Now, note that $$ \lim_{x\to 0}g(x)=a_3\neq 0,\quad \lim_{x\to 0}\frac{o(x^6)}{x^6}=0. $$ So $ \lim_{x\to 0+}f(x)=\infty $ and (1) is thus impossible.

Answer 2

What they are asking you is to find a polynomial $p(x)$ such that $$ \lim_{x\rightarrow0}\frac{|\sin(x-x^2)-p(x)|}{x^6}=0 $$

No to your statements:

1. $o((x-x^2)^2) =o(x^5)$ is in general false. For example $h(x)=x(x-x^2)^2=o((x-x^2)^2$ as $x\rightarrow0$ but $x^{-5}h(x)\nrightarrow0$ as $x\rightarrow0$.
2. $o(x^5) = o(x^6)$ is false in general: $g(x):=x^6=o(x^5)$ but $g(x) \neq o(x^6)$.
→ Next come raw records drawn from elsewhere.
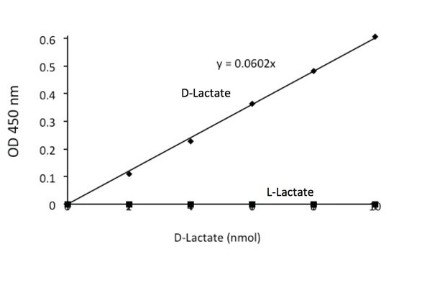 In this assay, D-Lactate is specifically oxidized by D-Lactate hydrogenase and generates a proportional colorimetric product measured at 450 nm. The useful concentration range in samples is 0.1-10 mM D-Lactate.
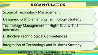 The document discusses the technological innovation process module which covers understanding different innovation models, technological forecasting concepts and applications, and product and process innovation. It describes the eight stages of technological innovation as basic research, applied research, development, engineering, manufacture, marketing, promotion, and continuous improvement. The module also covers static and dynamic innovation models proposed by Rothwell, technological forecasting tools like cross-impact analysis and morphological analysis, and different types of innovation strategies and their characteristics.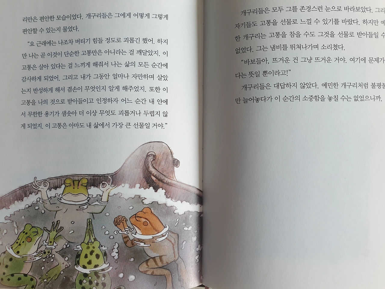 개구리를 처음부터 뜨거운 물에 집어넣었다면 바로 뛰쳐나왔을 것입니다. 찬 물에서 서서히 달아오르니 죽을지도 모를 현실을 깨닫지 못했습니다. 현실을 직시하고 뛰쳐나온 개구리 한 마리만 살아남았죠. 나는 과연 끓어오르는 냄비 속에서 안주하며 살아가고 있을까요? 변화와 도전을 시도하고 현실에 안주하지 않으면 지금보다 한 걸음 더 나아갈 수 있을 않을까 생각해 보았습니다.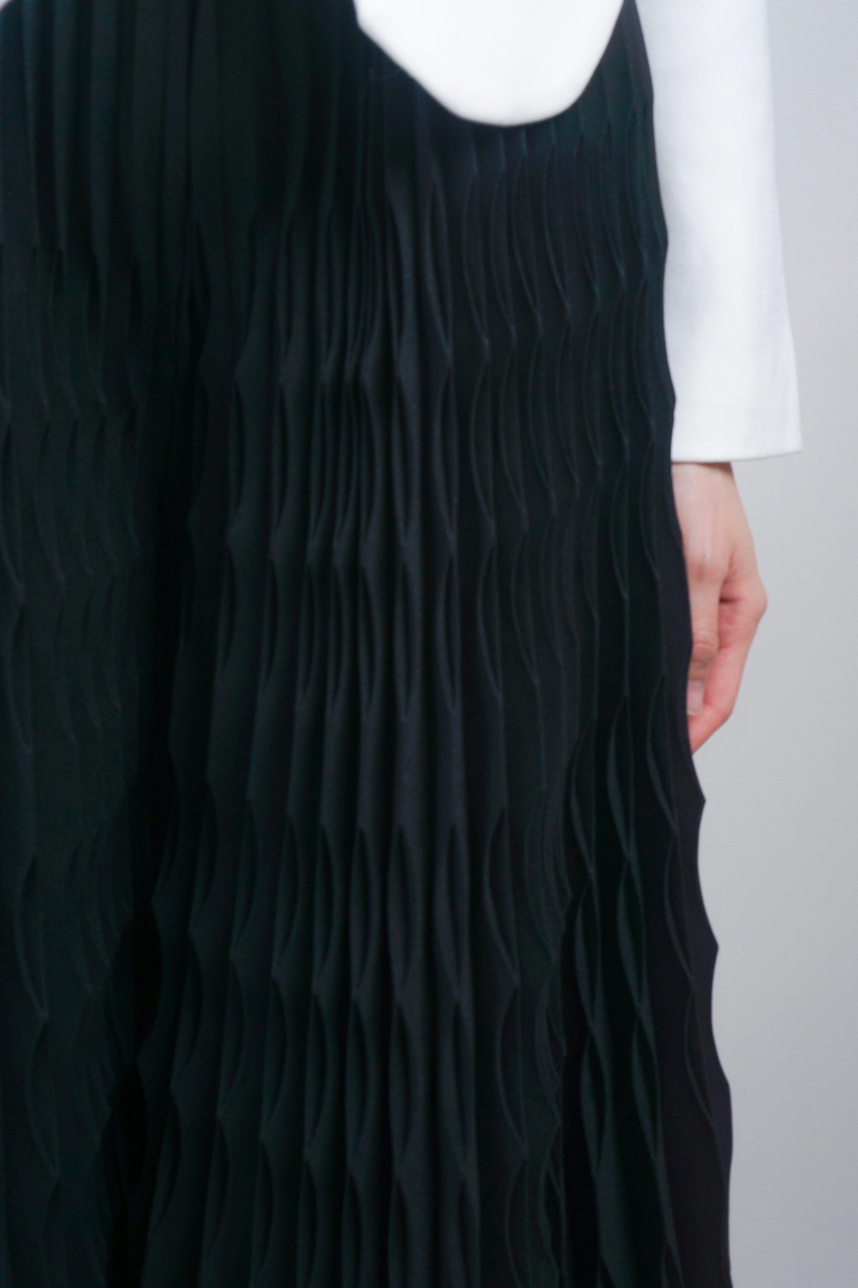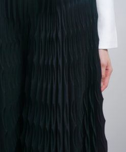 Tailored sophistication meets modern movement in this striking pant. Structured pleats create dimensional texture and visual interest, while the wavy detailing adds an unexpected design element that elevates everyday wear. The deep black hue ensures versatility across your wardrobe, pairing seamlessly with everything from crisp whites to rich jewel tones. Cut for a refined silhouette with thoughtful construction, this piece transitions effortlessly from studio to evening.

To help you solve the problem, use Taylor expansion of $\sin z= z-\frac{z^3}{6}+\frac{z^5}{5!}-\frac{z^7}{7!}+...$. Notice that when $z=x-x^2$, $z^7$ is a polynomial on $x$ of degree 14 of the $z^7=x^7-7x^8+...-x^{14}$ This term is of course $o(x^6)$ since all powers involved are larger than $6$. So truncating the sine series up to the $7-th$ power gives the right decay of residual. The rest is to check that the $$ (x-x^2)-\frac{(x-x^2)^3}{6}+\frac{(x-x^2)^5}{5!} $$ is the polynomial in the statement of your problem. A little but tedious algebra.

Answer 3

A sketch of the correct method:

Since $x-x^2$ has order $1$, you have to expand $\sin u$ up to degree $6$, and substitute $x-x^2$ in $u, u^2,\dots u^6$, truncating the expansions of the different $(x-x^2)^k$ at degree $6$, which leads to a recursive computation: \begin{align} (x-x^2)^2&=x^2-2x^3+x^4& \quad(x-x^2)^3&=x^3-3x^4+3x^5-x^6 \\ (x-x^2)^4&=x^4-4x^5+6x^6-4x^7+x^8&(x-x^2)^5&=(x-x^2)^4(x-x^2)\\ &=x^4-4x^5+6x^6+o(x^6)&&=\bigl((x^4-4x^5+6x^6+o(x^6)\bigr)(x-x^2)\\ (x-x^2)^6&=(x-x^2)^5(x-x^2)&&=\begin{aligned}[t]&x^5-4x^6+6x^7+o(x^7)\\&\phantom{x5}-x^6+4x^7-6x^8+o(x^8) &\end{aligned}\\&=\bigl(x^5-5x^6+o(x^6)\bigr)(x-x^2)&&=x^5-5x^6+o(x^6)\\ &=\dots=x^6+o(x^6) \end{align}

Can you end the computations?